Clacton-on-Sea: Martello Tower E
Introduction
The photograph on this page of Clacton-on-Sea: Martello Tower E by Nigel Cox as part of the Geograph project.
The Geograph project started in 2005 with the aim of publishing, organising and preserving representative images for every square kilometre of Great Britain, Ireland and the Isle of Man.
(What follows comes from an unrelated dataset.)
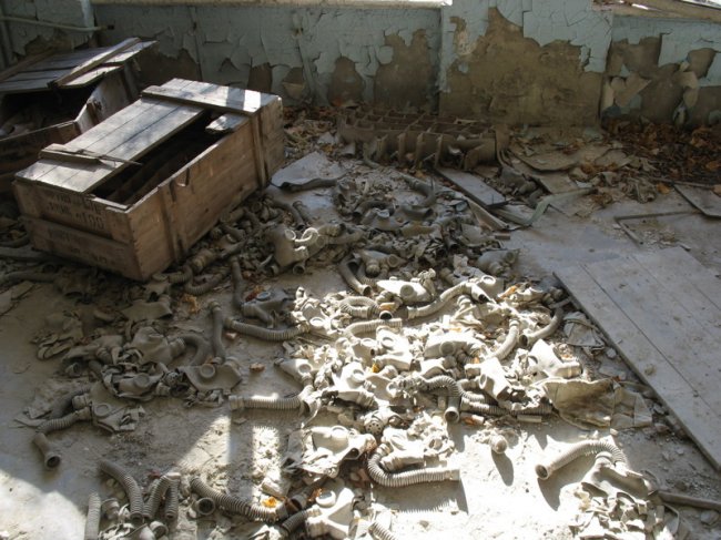 В одно время пугали этими противогазами)) Каких только историй не придумывали)) На самом деле всё просто — данная модель содержала в своих элементах ценные металлы (если не ошибаюсь платину) и, естественно, подверглась изъятию ублю…мародёрами. Ну не будут же они складывать их потом на место и возвращать на место коробки)) Вот так и лежат на полу…

There are currently over 7.5m images from over 14,400 individuals and you can help contribute to the project by visiting https://www.geograph.org.uk

Image: © Nigel Cox Taken: 28 Oct 2018
The east coast Martello Towers were built between 1808 and 1812. 29 were built from St Osyth in Essex north-eastwards to Aldeburgh in Suffolk, and are named by Historic England in the same order from A to Z then AA to CC, so this is the fifth tower along. Just to confuse the issue the Ordnance Survey refer to this one as Tower No 2 on all their mapping. The east coast towers are not circular in plan nor oval as might be thought from this viewpoint, but more of a triangular ovoid for want of a better term. This one is a Scheduled Monument and a Grade II Listed Building and the Historic England website describes it quite briefly thus:- "Martello Tower adjacent to sea wall, Butlins Holiday Village. Vari-coloured brick, made at Grays, Essex, now rendered. Stone parapet. Rusticated stone dressings to 4 windows and door at half height. Built at a cost of approximately £5,000." The Butlin's Holiday Camp has long been demolished, but the 1955 large scale Ordnance Survey maps show the tower completely surrounded by the camp. Interestingly the Victorian Ordnance Survey large scale maps do not show these towers at all, just the boundary lines of the plots, so evidently they were considered to be of military significance long after the threat of a Napoleonic invasion had passed. This one is evidently in a dangerous state and a half-hearted attempt has been made to keep the hoi polloi out with some fairly rickety Heras fencing. The Ordnance Survey records also show that there is a 4th Order Triangulation Station, a bolt, set somewhere on the roof. This would have served the same purpose as the more familiar triangulation pillars, as being a point that had been very accurately co-ordinated to the mapping grid of the time. The OS records also state that it was last maintained in 1959, and that since the tower was bricked up, a very long ladder was required to access the roof!